* **Data shown**
⟨
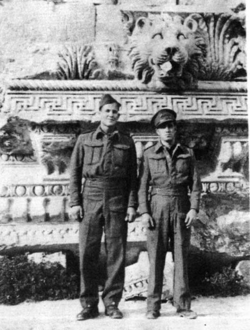 There were plenty of buttons on our British battledress, standard Army winter wear. Chan Keller and I sported our brand issue in the photo below taken under a stone lion at the Baalbeck ruins, as I wrote (December 15, 1942):
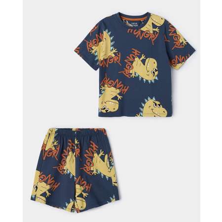 Тёмно-синий пижамный комплект для мальчика Futurino из футболки и шорт, декорированных принтом с динозаврами.
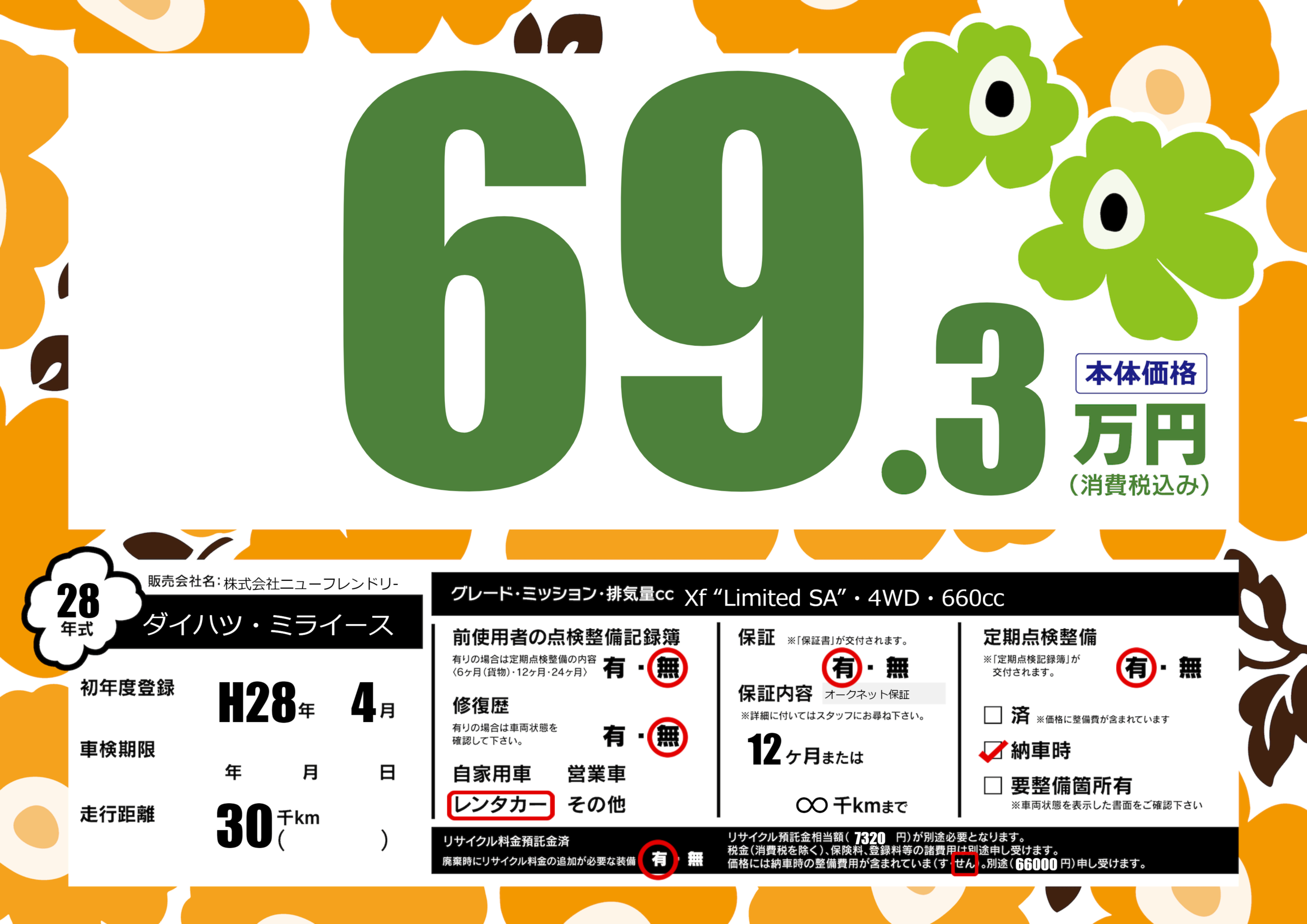 | 走行キロ | 3万km | 初年度登録 | H28年4月 |
⟩
* **Aim of the task**
Could you retype exactly, and only, the lines running from the one with "Тёмно-синий пижамный комплект" to the last line of the listing, while leaving any pictures out?

* **Answer to this task**
 Тёмно-синий пижамный комплект для мальчика Futurino из футболки и шорт, декорированных принтом с динозаврами.
 | 走行キロ | 3万km | 初年度登録 | H28年4月 |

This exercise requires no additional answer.